すぐさま集合するやGPSなどを駆使して志貴達が乗っていた車の場所を確認、この場所、つまりヴィースの巡礼聖堂に集合していた。
既に志貴と士郎が乗ってきたであろう車も発見し既に二人はここに到着しているであろう事も確認済みだ。

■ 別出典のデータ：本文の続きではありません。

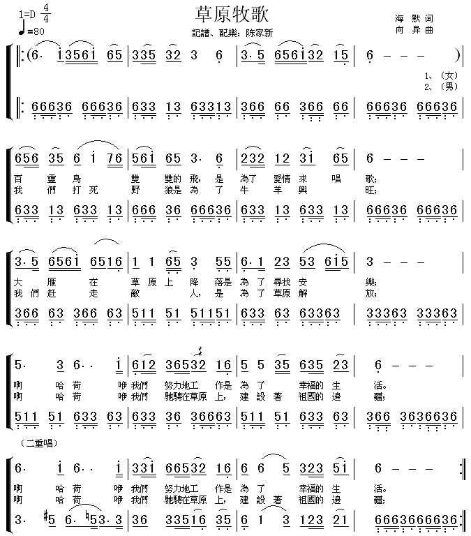 草原牧歌(《草原上的人们》插曲、二声部)[简谱]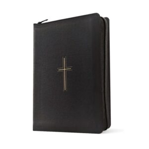 The elegant black cover with cross design offers a classic and timeless look, complemented by a durable zipper closure that protects pages and makes it convenient for carrying notes or bookmarks.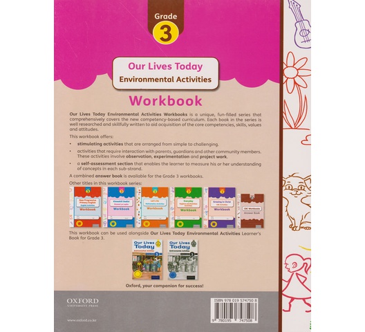 Our Lives Today Environmental Activities Workbooks is a unique, fun-filled series that comprehensively covers the new competency-based curriculum. Each book in the series is well researched and skillfully written to aid acquisition of the core competencies, skills, values and attitudes.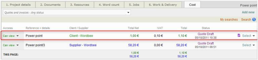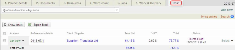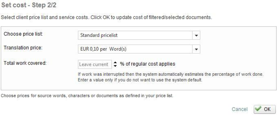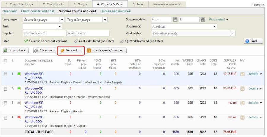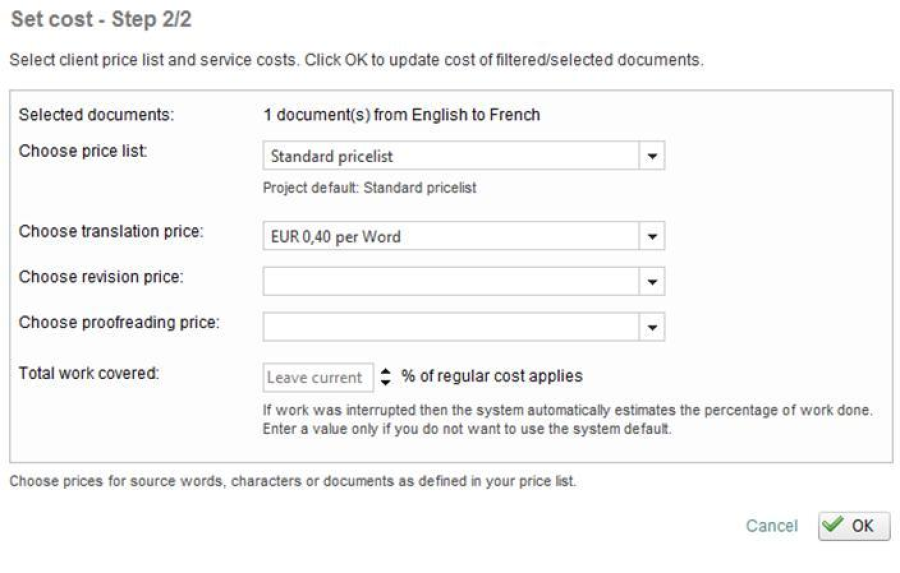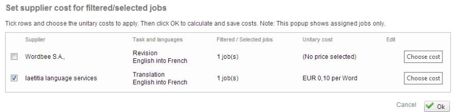 Whenever you choose a supplier to do a job, the cost is automatically calculated based on theprice/word of the supplier and the number of words translated/revised...

今は二人一組になって『闇千年城』の入り口を探している。
「間違いないわね。お爺様が言っていた外観も完全に一致している。これが『闇千年城』・・・」
「厭味ったらしいくらい私や姉さんの城と似ているわね。それとも私達の城がこれに似せたのかしら?」
「さあ?でもどっちでも良いんじゃない?」
「それもそうね」
そんな事を言っている内に城の外周を一周し終えたが、どこにも正門は 見つからない。
それはあちこちを探していたほかのメンバーも同じだったようだ。
「駄目ねどこにも見当たらない」
「隠し通路とかあるかもって探してみたんだけど・・・」
「ですが志貴と士郎がここまでたどり着き車にも誰もいない・・・であるならばすでに城内に二人がいる事は明白です」
火傷の手当を終えて白い包帯で覆われた右手を顎に当てて思案に暮れながらシオンが言う。
「では二人は一体どこから・・・」
とその時、アルクェイドの髪が一気に伸び、その空気も一変した。
「!!な、何!」
「・・・案ずるでない宝石の力を借りし娘達。我はお主らに手を下す気はない」
そう言って空気が一変したアルクェイドはどこか懐かしそうにそれでいて痛ましげな感情をも浮かべ『闇千年城』をただただ見つめ続ける。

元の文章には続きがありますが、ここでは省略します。